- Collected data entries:
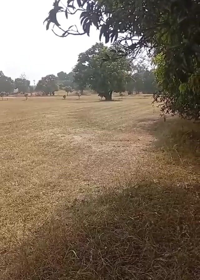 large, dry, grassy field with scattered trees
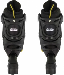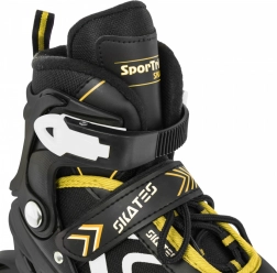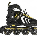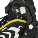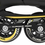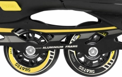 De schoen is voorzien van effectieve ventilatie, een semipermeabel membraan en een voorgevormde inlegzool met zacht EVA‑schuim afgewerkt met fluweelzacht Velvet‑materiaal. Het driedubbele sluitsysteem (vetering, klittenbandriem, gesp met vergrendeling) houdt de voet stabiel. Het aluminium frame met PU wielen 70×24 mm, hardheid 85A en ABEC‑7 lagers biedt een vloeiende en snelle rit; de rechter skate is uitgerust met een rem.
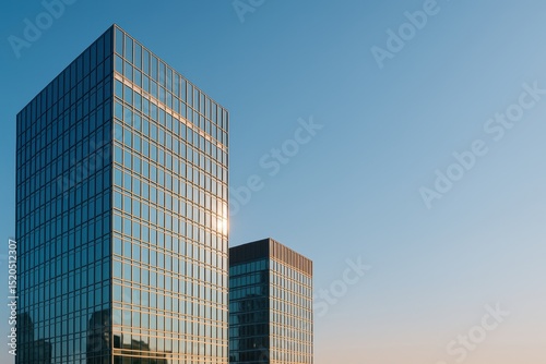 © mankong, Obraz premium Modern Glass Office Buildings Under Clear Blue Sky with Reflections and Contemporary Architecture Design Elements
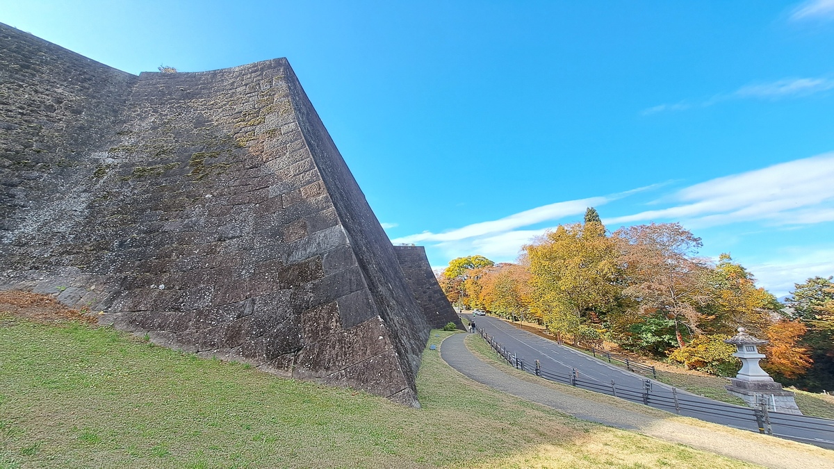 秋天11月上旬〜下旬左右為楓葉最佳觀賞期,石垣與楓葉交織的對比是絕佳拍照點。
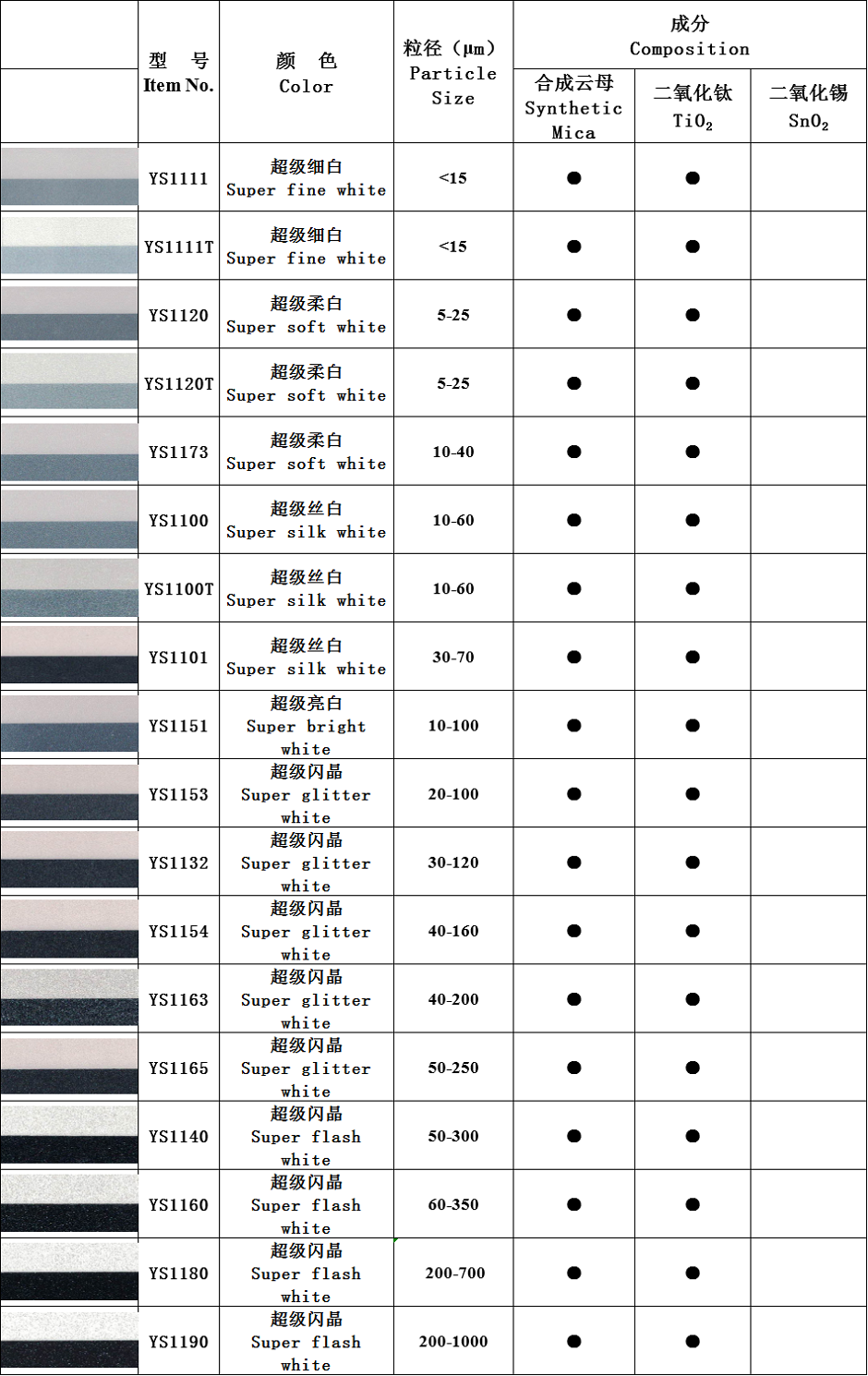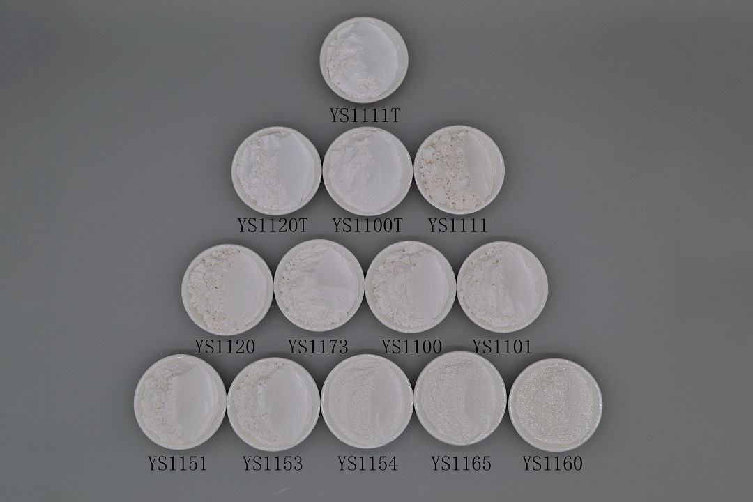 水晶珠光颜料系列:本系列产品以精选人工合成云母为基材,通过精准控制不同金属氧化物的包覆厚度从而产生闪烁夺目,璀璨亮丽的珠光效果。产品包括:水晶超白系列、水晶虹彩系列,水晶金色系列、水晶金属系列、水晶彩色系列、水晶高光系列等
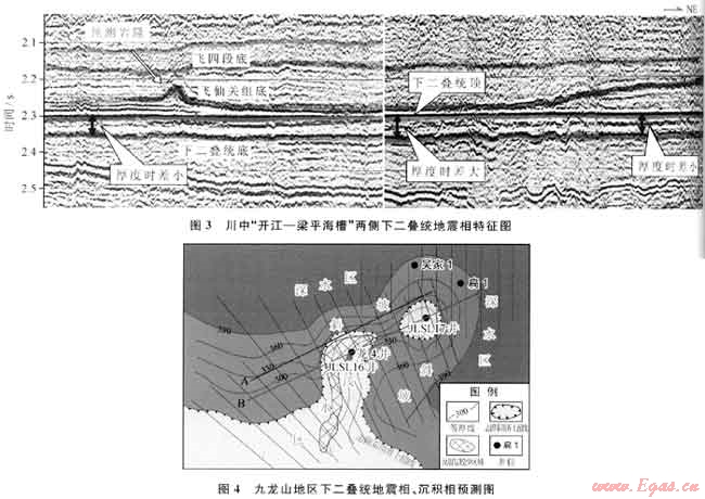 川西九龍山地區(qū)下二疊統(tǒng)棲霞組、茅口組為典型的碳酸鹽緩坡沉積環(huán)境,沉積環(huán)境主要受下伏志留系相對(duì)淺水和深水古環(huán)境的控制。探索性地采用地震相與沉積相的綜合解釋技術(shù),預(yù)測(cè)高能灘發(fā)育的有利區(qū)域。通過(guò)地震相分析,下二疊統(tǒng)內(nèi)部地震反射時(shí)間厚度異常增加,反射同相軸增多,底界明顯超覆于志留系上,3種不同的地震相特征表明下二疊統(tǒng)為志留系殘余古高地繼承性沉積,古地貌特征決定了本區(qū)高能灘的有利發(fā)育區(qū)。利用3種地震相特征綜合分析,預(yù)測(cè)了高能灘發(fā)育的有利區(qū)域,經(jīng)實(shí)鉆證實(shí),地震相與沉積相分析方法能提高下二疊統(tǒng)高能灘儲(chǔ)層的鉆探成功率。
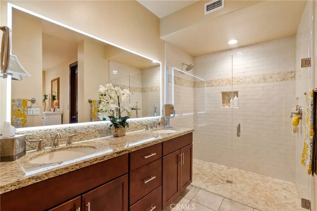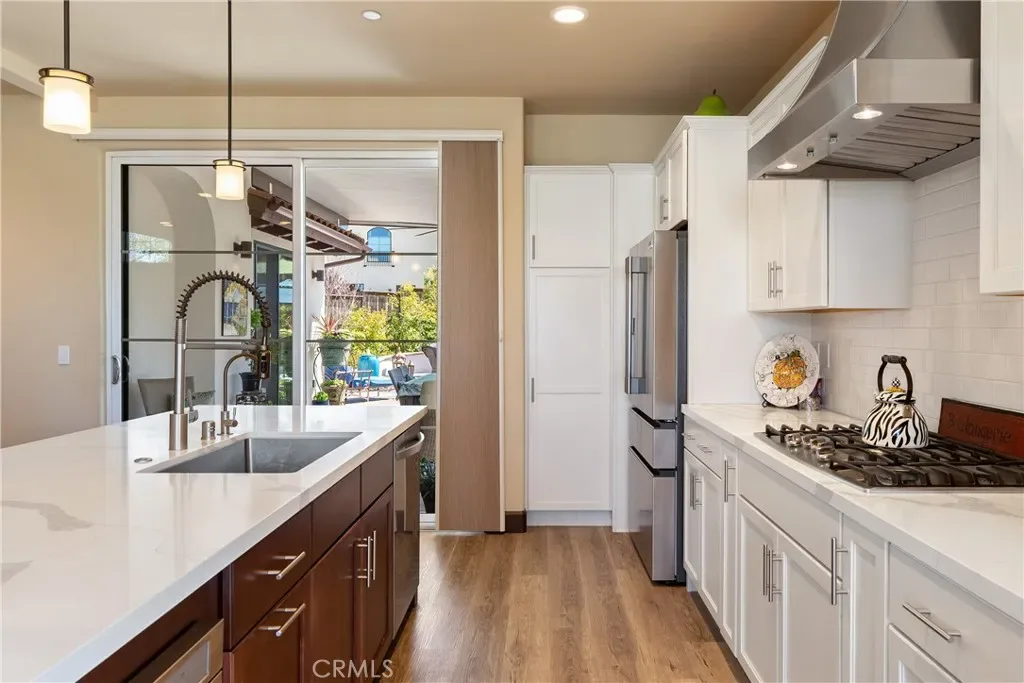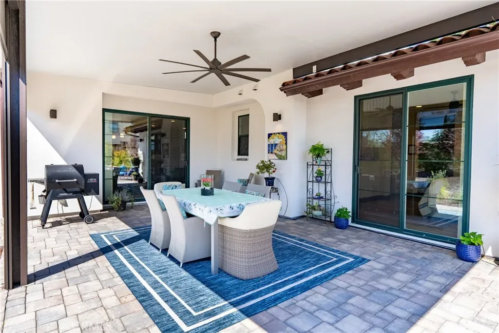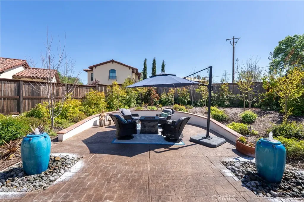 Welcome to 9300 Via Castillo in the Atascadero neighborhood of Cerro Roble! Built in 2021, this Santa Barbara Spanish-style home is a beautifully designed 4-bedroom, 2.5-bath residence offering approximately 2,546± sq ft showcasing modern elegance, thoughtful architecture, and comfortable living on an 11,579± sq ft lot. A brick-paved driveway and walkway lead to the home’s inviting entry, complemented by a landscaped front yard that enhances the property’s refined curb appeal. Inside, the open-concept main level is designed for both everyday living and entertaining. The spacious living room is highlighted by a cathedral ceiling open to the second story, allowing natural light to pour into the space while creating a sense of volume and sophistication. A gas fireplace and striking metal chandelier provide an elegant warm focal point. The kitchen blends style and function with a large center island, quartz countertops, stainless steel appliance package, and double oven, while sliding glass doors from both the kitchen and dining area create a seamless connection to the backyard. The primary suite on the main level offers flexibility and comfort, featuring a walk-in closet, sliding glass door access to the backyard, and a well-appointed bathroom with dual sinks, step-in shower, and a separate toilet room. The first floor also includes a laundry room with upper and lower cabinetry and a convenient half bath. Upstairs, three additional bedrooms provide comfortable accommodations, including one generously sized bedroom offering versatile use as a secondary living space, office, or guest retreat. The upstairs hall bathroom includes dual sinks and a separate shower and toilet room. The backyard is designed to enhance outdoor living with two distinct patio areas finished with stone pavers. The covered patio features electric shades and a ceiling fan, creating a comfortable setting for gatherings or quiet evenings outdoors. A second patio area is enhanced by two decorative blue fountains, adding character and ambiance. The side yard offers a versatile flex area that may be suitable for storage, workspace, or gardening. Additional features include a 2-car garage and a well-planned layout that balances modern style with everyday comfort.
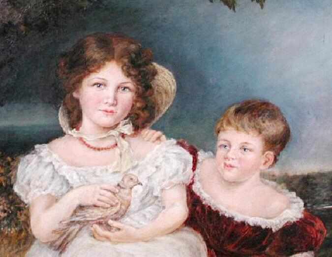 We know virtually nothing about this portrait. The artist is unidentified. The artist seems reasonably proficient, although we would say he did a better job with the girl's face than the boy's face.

- ACTIVITY: Using the data above, retype exactly the lines from the line with "水晶珠光颜料系列:本系列产品" to the line with "川西九龍山地區(qū)下二疊", inclusive. No pictures and nothing else.

- WRITTEN SOLUTION:
 水晶珠光颜料系列:本系列产品以精选人工合成云母为基材,通过精准控制不同金属氧化物的包覆厚度从而产生闪烁夺目,璀璨亮丽的珠光效果。产品包括:水晶超白系列、水晶虹彩系列,水晶金色系列、水晶金属系列、水晶彩色系列、水晶高光系列等
 川西九龍山地區(qū)下二疊統(tǒng)棲霞組、茅口組為典型的碳酸鹽緩坡沉積環(huán)境,沉積環(huán)境主要受下伏志留系相對(duì)淺水和深水古環(huán)境的控制。探索性地采用地震相與沉積相的綜合解釋技術(shù),預(yù)測(cè)高能灘發(fā)育的有利區(qū)域。通過(guò)地震相分析,下二疊統(tǒng)內(nèi)部地震反射時(shí)間厚度異常增加,反射同相軸增多,底界明顯超覆于志留系上,3種不同的地震相特征表明下二疊統(tǒng)為志留系殘余古高地繼承性沉積,古地貌特征決定了本區(qū)高能灘的有利發(fā)育區(qū)。利用3種地震相特征綜合分析,預(yù)測(cè)了高能灘發(fā)育的有利區(qū)域,經(jīng)實(shí)鉆證實(shí),地震相與沉積相分析方法能提高下二疊統(tǒng)高能灘儲(chǔ)層的鉆探成功率。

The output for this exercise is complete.